To Helen he said, “Ask my wife to come up here.” She could direct him as he operated the dredge; Fran had a good eye.
“I’ll get her,” Sam Regan agreed, starting back down below. “No one wants to come along?”
No one followed him; Tod and Helen Morris had gone over to inspect their own garden, now, and Norm Schein was busy pulling the protective wrapper from the dredge, preparatory to starting it up.
Back below, Sam Regan hunted up Fran Schein; he found her crouched at the Perky Pat layout which the Morrises and the Scheins maintained together, intent on what she was doing.
Without looking up, Fran said, “We’ve got Perky Pat all the way downtown in her new Ford hardtop convert and parked and a dime in the meter and she’s shopped and now she’s in the analyst’s office reading Fortune. But what does she pay?” She glanced up, smoothed back her long dark hair, and smiled at him. Beyond a doubt Fran was the handsomest and most dramatic person in their collective hovel; he observed this now, and not for anything like the first time.
He said, “How can you fuss with that layout and not chew—” He glanced around; the two of them appeared to be alone. Bending down he said softly to her, “Come on and we’ll chew some first-rate Can-D. Like you and I did before. Okay?” His heart labored as he waited for her to answer; recollections of the last time the two of them had been translated in unison made him feel weak.
“Helen Morris will be—”
“No, they’re cranking up the dredge, above. They won’t be back down for an hour.” He took hold of Fran by the hand, led her to her feet. “What arrives in a plain brown wrapper,” he said as he steered her from the compartment out into the corridor, “should be used, not just buried. It gets old and stale. Loses its potency.” And we pay a lot for that potency, he thought morbidly. Too much to let it go to waste. Although some—not in this hovel–claimed that the power to insure translation did not come from the Can-D but from the accuracy of the layout. To him this was a nonsensical view, and yet it had its adherents.
As they hurriedly entered Sam Regan’s compartment Fran said, “I’ll chew in unison with you, Sam, but let’s not do anything while we’re there on Terra that—you know. We wouldn’t do here. I mean, just because we’re Pat and Walt and not ourselves that doesn’t give us license.” She gave him a warning frown, reproving him for his former conduct and for leading her to that yet unasked.
“Then you admit we really go to Earth.” They had argued this point—and it was cardinal—many times in the past. Fran tended to take the position that the translation was one of appearance only, of what the colonists called accidents–the mere outward manifestations of the places and objects involved, not the essences.
“I believe,” Fran said slowly, as she disengaged her fingers from his and stood by the hall door of the compartment, “that whether it’s a play of imagination, of drug-induced hallucination, or an actual translation from Mars to Earth-as-it-was by an agency we know nothing of—”

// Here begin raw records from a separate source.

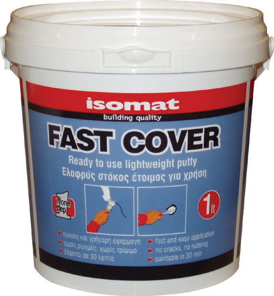 Στόκος Fast-Cover 1 Kg της Ιsomat, ακρυλικός, έτοιμος, σε λευκή απόχρωση.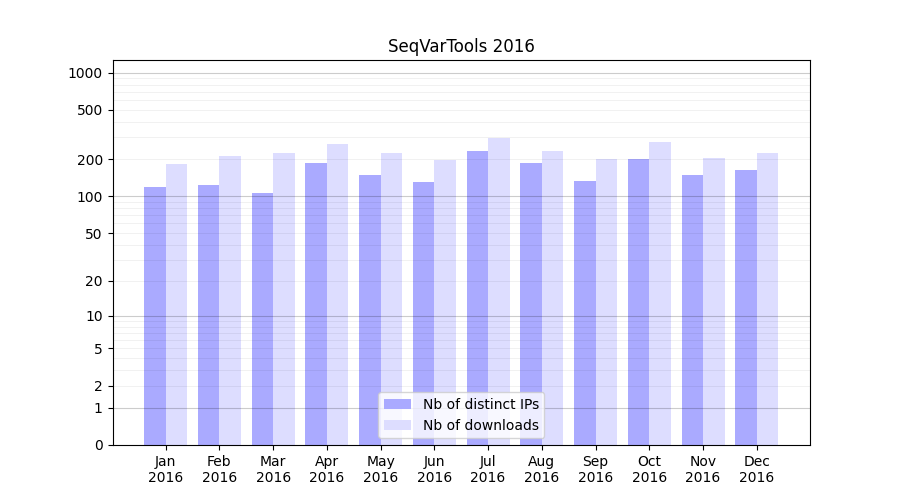 Number of downloads for software package SeqVarTools, year by year, from 2025 back to 2014 (years with no downloads are omitted):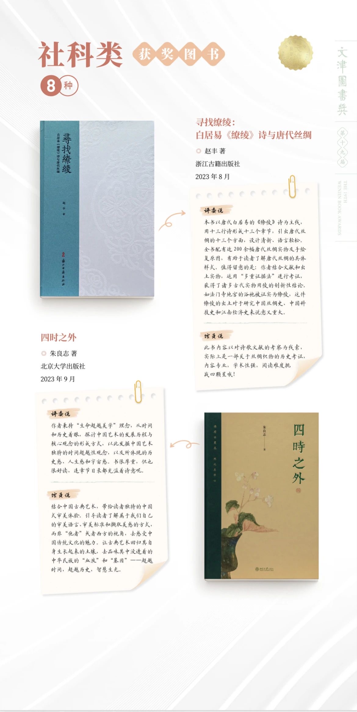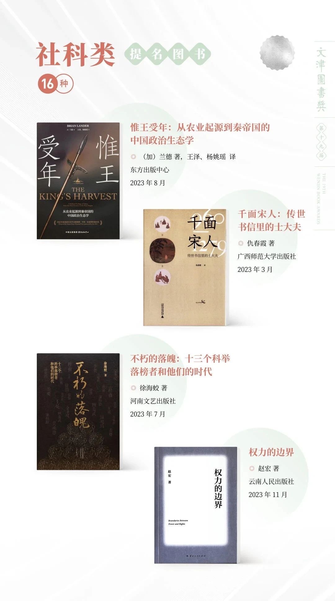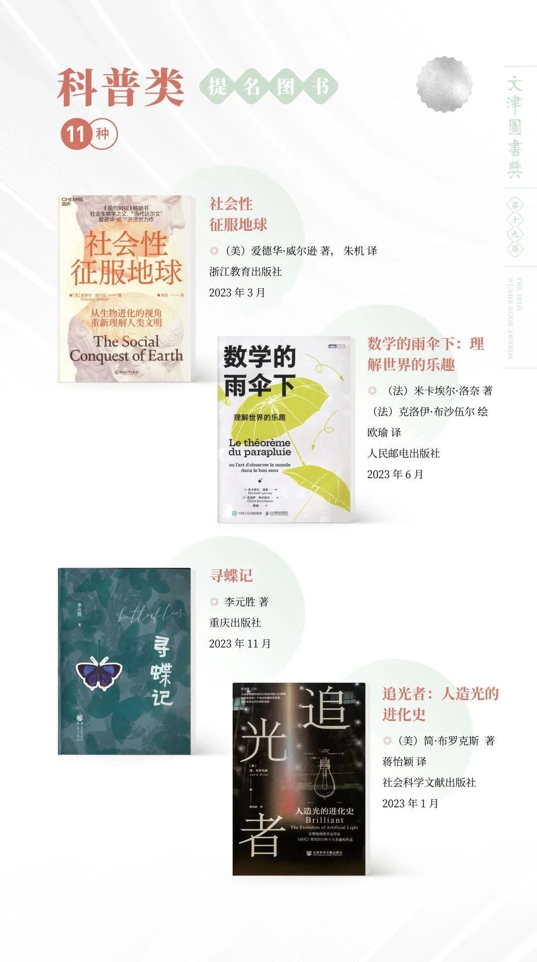第十九届文津图书奖揭晓,奖历时近五个月的推荐、讨论与评审,最终发布文津图书奖图书20种,提名图书41种。威廉希尔第十五届书香校园建设系列活动期间,图书馆推出第十九届文津图书奖获奖图书线上展览,展出社科类、科普类获奖图书及提名图书,诚邀广大师生品读优秀作品,感受文化魅力。

Again she eyed him sternly. “I think we should abstain. In order not to contaminate the experience of communication.” As she watched him carefully remove the metal bed from the wall and reach, with an elongated hook, into the cavity revealed, she said, “It should be a purifying experience. We lose our fleshly bodies, our corporeality, as they say. And put on imperishable bodies instead, for a time anyhow. Or forever, if you believe as some do that it’s outside of time and space, that it’s eternal. Don’t you agree, Sam?” She sighed. “I know you don’t.”
“Spirituality,” he said with disgust as he fished up the packet of Can-D from its cavity beneath the compartment. “A denial of reality, and what do you get instead? Nothing.”
“I admit,” Fran said as she came closer to watch him open the packet, “that I can’t prove you get anything better back, due to abstention. But I do know this. What you and other sensualists among us don’t realize is that when we chew Can-D and leave our bodies we die. And by dying we lose the weight of—” She hesitated.